### Source data
────────────────

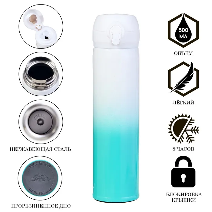 Компактный, экологичный, стильный. Термосы этой серии пользуются большой популярностью у активных и динамичных пользователей, а так же у любителей охоты и рыбалки, так как они, сохраняют прочность и термоустойчивость, легки и компактны. Этот термос просто идеально подойдет для тех, кто ценит свое время и хочет наслаждаться свежим и горячим кофе, чаем или другими любимыми напитками в любой ситуации. Термос "Мастер К" 500 мл (0.5 л) это яркое решение для любителей чая, кофе, травяных, ягодных и фруктовых заварок. Летом данный термос станет приятным спутником на пляж и в жаркий день, так как он сохраняет напиток холодным.
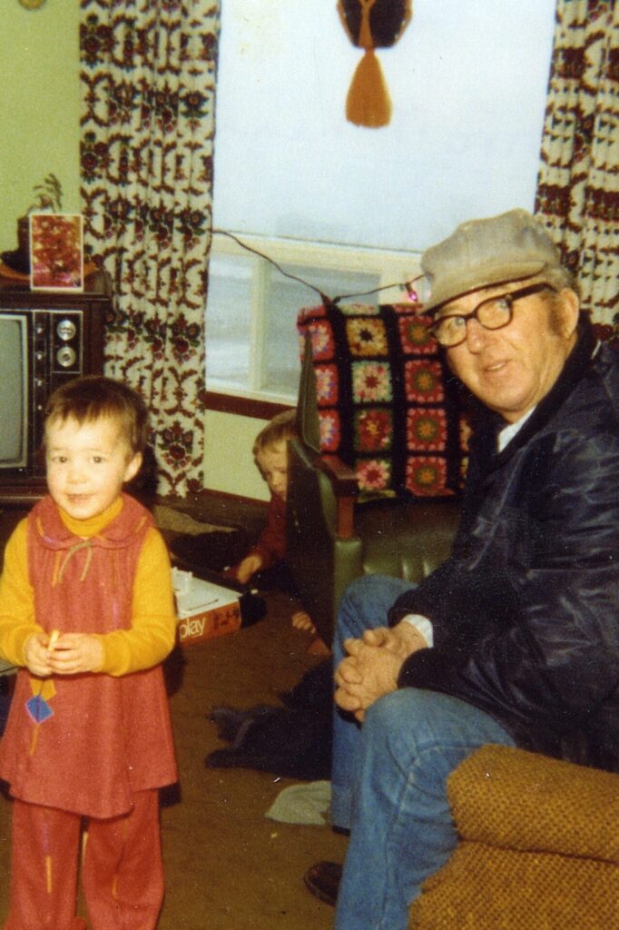 Man and little girl sitting in livingroom. Morrison MacEachern with his grandaughter Shana MacKenna
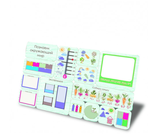 Дидактическая настенная панель на тему мира вокруг меня представляет из себя игровой модуль, на поверхности которого изображен окружающий мир. Например, градусник со шкалой, где наглядно можно отличить холод от тепла, времена года и погодные условия. А еще целая грядка овощей, за которой необходим уход и полив. Дидактическая настенная панель на тему мира вокруг меня можно использовать для игры детей как в группе, так и индивидуально.
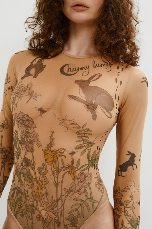 Итальянская микросетка бежевого цвета с фантазийным рисунком выглядит на теле как татуировка, что придает образу индивидуальность и выглядит максимально роскошно и необычно!
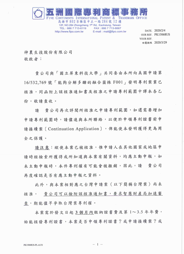 從野外篩選、功效確認,到後來使用原生質體融合技術,並繼續篩選出功能更強大的益生菌株。耗時9年,神農生技的融合菌株終於正式獲得美國專利。
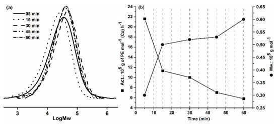 GPC curves of the obtained polyethylene (a); activity and Mw as a function of reaction time (b) for the Co1/MAO system (Table 3, entries 11 and 14–17).
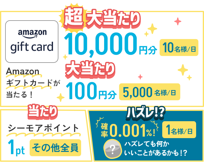 ・大当たり:Amazonギフトカード 100円分(5,000名様/日)
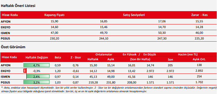 Kaynak: Ziraat Yatırım Haftalık Teknik Hisse Önerileri

────────────────

### The task
The whole listing should be printed again exactly as written, images excluded.

### Reply
 Компактный, экологичный, стильный. Термосы этой серии пользуются большой популярностью у активных и динамичных пользователей, а так же у любителей охоты и рыбалки, так как они, сохраняют прочность и термоустойчивость, легки и компактны. Этот термос просто идеально подойдет для тех, кто ценит свое время и хочет наслаждаться свежим и горячим кофе, чаем или другими любимыми напитками в любой ситуации. Термос "Мастер К" 500 мл (0.5 л) это яркое решение для любителей чая, кофе, травяных, ягодных и фруктовых заварок. Летом данный термос станет приятным спутником на пляж и в жаркий день, так как он сохраняет напиток холодным.
 Man and little girl sitting in livingroom. Morrison MacEachern with his grandaughter Shana MacKenna
 Дидактическая настенная панель на тему мира вокруг меня представляет из себя игровой модуль, на поверхности которого изображен окружающий мир. Например, градусник со шкалой, где наглядно можно отличить холод от тепла, времена года и погодные условия. А еще целая грядка овощей, за которой необходим уход и полив. Дидактическая настенная панель на тему мира вокруг меня можно использовать для игры детей как в группе, так и индивидуально.
 Итальянская микросетка бежевого цвета с фантазийным рисунком выглядит на теле как татуировка, что придает образу индивидуальность и выглядит максимально роскошно и необычно!
 從野外篩選、功效確認,到後來使用原生質體融合技術,並繼續篩選出功能更強大的益生菌株。耗時9年,神農生技的融合菌株終於正式獲得美國專利。
 GPC curves of the obtained polyethylene (a); activity and Mw as a function of reaction time (b) for the Co1/MAO system (Table 3, entries 11 and 14–17).
 ・大当たり:Amazonギフトカード 100円分(5,000名様/日)
 Kaynak: Ziraat Yatırım Haftalık Teknik Hisse Önerileri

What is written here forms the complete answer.